Sources and Resources: Photography and Archives in Africa
Special issue of Critical Interventions
edited by Jürg Schneider, Marian Nur Goni, and Érika Nimis
Since the “discovery” of photography in Africa and photographs from Africa as sources for academic research or marketable goods on the international art market some 25 year ago, photo archives have increasingly attracted the attention of scholars, art dealers, artists and curators, who also act as resource persons and main intermediaries between the archives and the public. From the early 1990s on, various individuals from the global North have been ploughing the African continent, mainly focussing on early photo studios, in search of historical photographs which also engendered important material gains. Researchers working in and with photo collections of professional studio photographers, state press agencies, para state institutions and families have created from these sources an impressive though still incomplete corpus of scholarly work that touches on a great variety of topics such as biographies of early and contemporary African photographers or the various forms of photographic practices on the continent.

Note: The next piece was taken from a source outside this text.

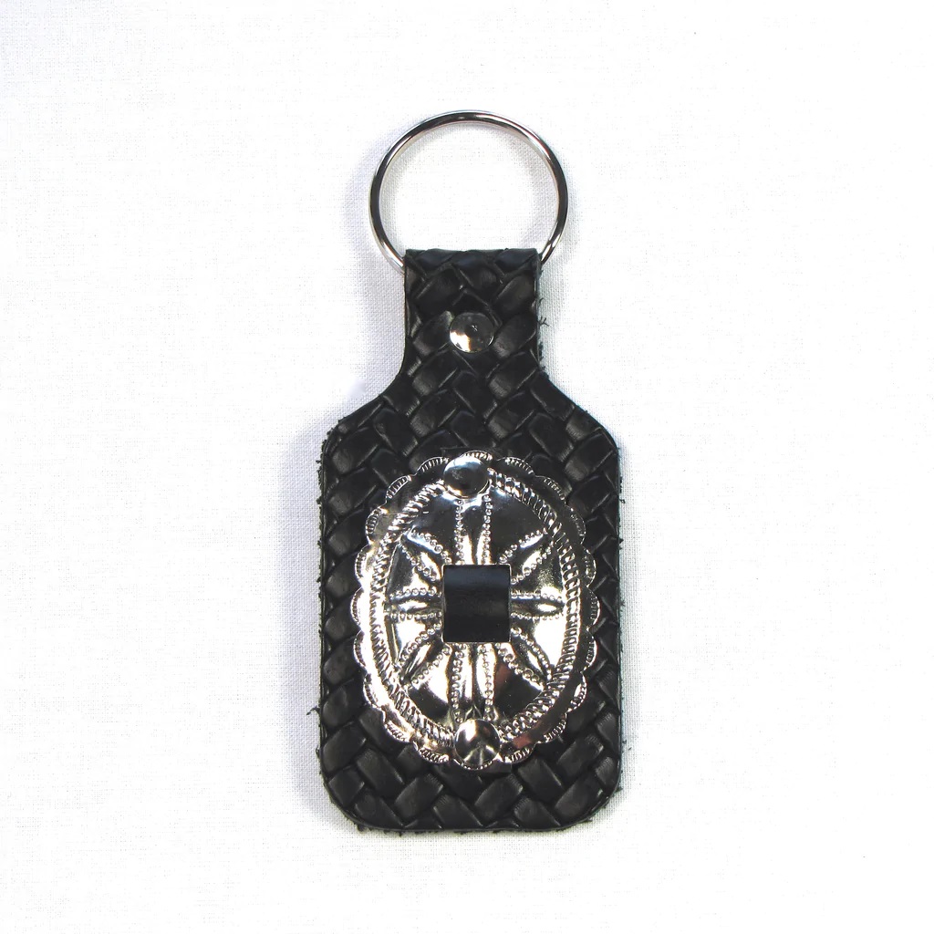 Avaimenperä, Ovaali Concho. Musta nahka, jossa punosmainen pintaviimeistely sekä krominvärinen metalliconcho. Nahkaosan mitat 45 x 95 mm, avainlenkin kanssa kokomitta 120 mm..
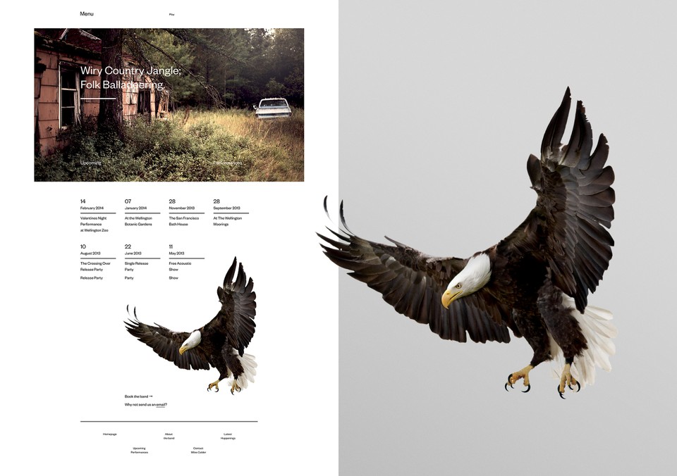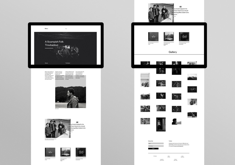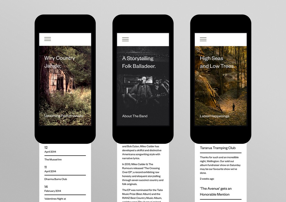 Miles Calder & The Rumours website Contributed by Nick de Jardine on Dec 16th, 2014. Artwork published in 2014. Photo: Nick de Jardine. License: All Rights Reserved. Website for Miles Calder & The Rumours Photo: Nick de Jardine. License: All Rights Reserved. Photo: Nick de Jardine. License: All Rights Reserved. Photo: Nick de Jardine. License: All Rights Reserved. Photo: Nick de Jardine. License: All Rights Reserved. Photo: Nick de Jardine. License: All Rights Reserved. Typefaces More about Founders GroteskGet Founders Grotesk Formats Web (5626) Mobile/Tablet (1023) Topics Music (6366) Designers/Agencies Grafik (23) Tagged withwebfonts (449)Miles Calder & The Rumours (3)band/musician websites (15) Artwork location New Zealand (185) In Setsgrotesque (Annika Weller) (5) Post a comment Name Email – will not be published Website Your response Submit Comment More Founders Grotesk in use SailGP2018GBHOur FriendsContributed by Matthew Caldwell Hakata Maru Ramen2019Harley Johnston DesignContributed by Harley Johnston Smithsonian magazine table of contents (1989 & 2013)2013Bradbury ThompsonMaria KeehanErik WashamContributed by Chris Purcell Sponsor More in Music Room for Rebellion2017Alex McCulloughContributed by henry cruickshank Underground Resistance – Interstellar Fugitives album art1998Abdul HaqqChuck GibsonFranky FultzContributed by Nathan Prost Staff Pick Tome of the Crystal Wizard –Iagon2018unknownContributed by Timothée Goguely Ten Oliver – “Verlorene Liebe” / “Bonnie” single cover1965Klaus VonderwerthContributed by Florian Hardwig More in Web Susanne Kriemann2014Modem StudioContributed by Modem Studio Engineers and Geoscientists British Columbia2017Twice (DDB Canada)Contributed by Emtype Foundry sava.io2020Alina SavaContributed by Arne Sava Emma Willard’s Maps of Time minisite2020Pavel KedzichContributed by Pavel Kedzich More Fonts In Use Die verlorenen Welten des Zdenek Burian by Judith Schalansky (ed.)2013Judith SchalanskyContributed by Florian Hardwig Staff Pick Las Vegas poster for TWAc. 1968David KleinContributed by Florian Hardwig Staff Pick Pasta Social Club 2c. 2021Giulia BoggioContributed by Giulia Boggio Staff Pick Dark Mofo2019Megan PerkinsDark MofoJames FreebairnContributed by Two Points Staff Pick

Photo exhibitions and festivals in the North and South organized by a rather exclusive group of curators have mushroomed in recent years and so have exhibition catalogues and monographs. Not least, the last ten years have seen a number of projects that focussed on the digitization (and to a lesser extent material preservation) of photo collections in Sub-Saharan Africa with the common goal of conserving the visual heritage of the continent and making it accessible to a wider public. All this has had and still has a deep impact on the circulation, accessibility, perception and use of historical photographs from Africa. Likewise, all these activities have profoundly changed our understanding of photographs’ materiality, the ways how it is perceived, dealt with and addressed as well as the cultural and economic value that is attributed to them.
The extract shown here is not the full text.